Additionally, analysis on the STRING—search tool for the retrieval of interacting genes/proteins (http://string-db.org/)—was performed. This platform consists of a database devoted to protein–protein interaction, which provides a comprehensive view of the interactions between proteins in the dataset (Jensen, 2008). Therefore, 24 proteins found differentially expressed in all three diseases were analyzed, as observed in Fig. 2. These proteins have a high degree of connectivity between them and are directly related to axonal region of neuronal cells (axon, 0.000334 FDR; neuron projection terminus, 0.000919 FDR; axon terminus, 0.000725 FDR; dendrite, 0.00726 FDR). However, the most correlated cellular component to those proteins was myelin sheath (1.45E−12 FDR), which is formed by oligodendrocytes. These cells are known to be altered in SCZ, MDD and BPD, as shown by both proteomic studies and neuroimaging [94–96], including its maturation process [97, 98].
Myelin is a multilaminar structure surrounding the axons of neurons made by oligodendrocytes in the central nervous system and by Schwann cells in the peripheral nervous system, being an essential structure for the proper functioning of nerve impulse transmission, providing strength and speed [99, 100]. Studies of postmortem tissue in SCZ, MDD and BPD patients showed that myelination-related genes have a reduction in mRNA transcripts in patients [101–103]. Damage to myelin can cause sensory-motor dysfunction, cognitive impairment, mental retardation and even death [100].

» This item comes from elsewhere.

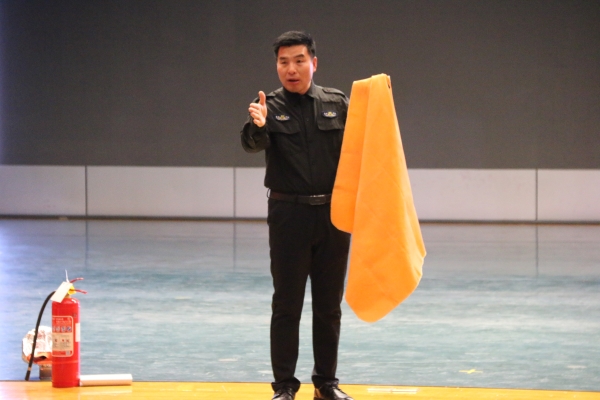 本次培训会以“预防为主,生命至上”为主题,董建波教官以辽宁盘锦“1·15”重大爆炸着火事故为案例,详细解读了火灾的危险性及防火措施,提醒同学们在宿舍中一定注意用电安全,不在宿舍吸烟、给电瓶充电、避免使用大功率电器,在火灾发生时一定保持冷静。他还向同学们详细解读和示范了灭火器、防火毯的使用方法。通过此次培训,加强了同学们对消防安全的认识和责任,掌握了安全隐患的识别技巧。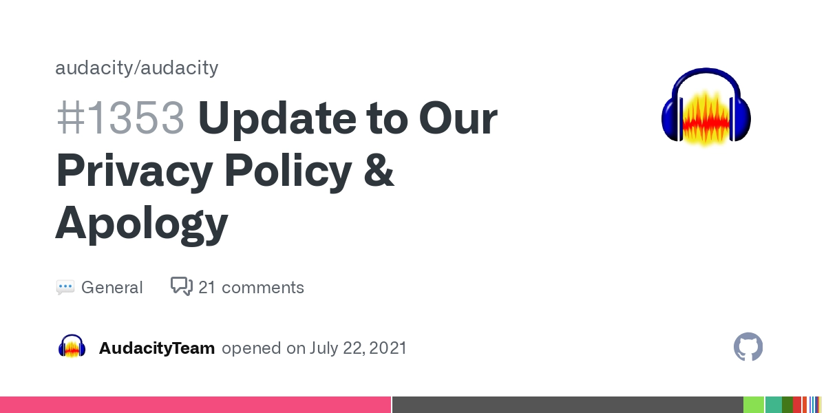 Audacity: Update to Our Privacy Policy and Apology | Hacker News https://news.ycombinator.com/item?id=27927407

The top network found dysregulated, according to IPA (score 28), is related to neurological, psychological and skeletal/muscular disorders, as shown in Fig. 3. This network is composed of 31 molecules, among them 12 proteins are altered in diseases, together with 19 partners of these molecules. This network has a central protein, the TP53, which directly or indirectly connects differentially expressed proteins from all three diseases. This protein has anti-proliferation function, plays a role in the maintenance of somatic stem cells [104] and regulates the proliferation and differentiation of neural stem cells (NSC) [105]. Therefore, NSCs maintenance/renewal, migration, differentiation and death can thus be disturbed and have a link with various nervous system disorders, including neurodegeneration and psychiatric disorders [106].
Another molecule, REST (repressor element 1-silencing transcription factor), is also connected to the differentially expressed proteins. This transcription factor is required during differentiation, as induces the expression of neural-specific phenotypes. REST-dependent genes encode transcription factors, transmitter release proteins, voltage-dependent receptor channels and signaling proteins [107]. REST is connected to the differentially expressed synaptosomal-associated protein of 25 kDa (SNAP25), which also plays a critical role in modulating voltage-gated calcium channels and neurotransmitter release [108]. In addition, REST is connected to Alpha-internexin (INA) and GAP43, proteins related to cytoskeleton organization and important function in synapsis and plasticity [109, 110]. These similar connections observed in all three disorders suggest a common synaptic and neurodevelopmental deregulation among them.
Main biochemical pathways of each disorder
In addition to those common features presented, several differentially expressed proteins were only observed in patients with SCZ, which have shown a link with neurological disease (p value 4.18E−03 to 1.09E−40) with 180 proteins involved and psychological disorders (p value 1.29E−03 to 1.09E−40) with 132 proteins. Those observed only in BPD resulted in greater overlap with neurological disease (p value 2.88E−03 to 3.15E−31) with 255 proteins involved and psychological disorders (2.48E−03 to 3.15E−31) with 197 proteins. Similarly, differentially expressed proteins in MDD had 75 proteins involved in neurological disease (p value 2.39E−02 to 3.66E−13) and 55 proteins in psychological disorders (p value 1.92E−02 to 3. 66E−13).
According to IPA, the canonical pathways to which these disorders are associated are energy metabolism pathways deregulation, mainly related to oxidative phosphorylation mitochondrial dysfunction and gluconeogenesis, followed by cell signaling pathways, including signaling by Rho GTPases family, semaphorin signaling in neurons and 14-3-3 mediated signaling.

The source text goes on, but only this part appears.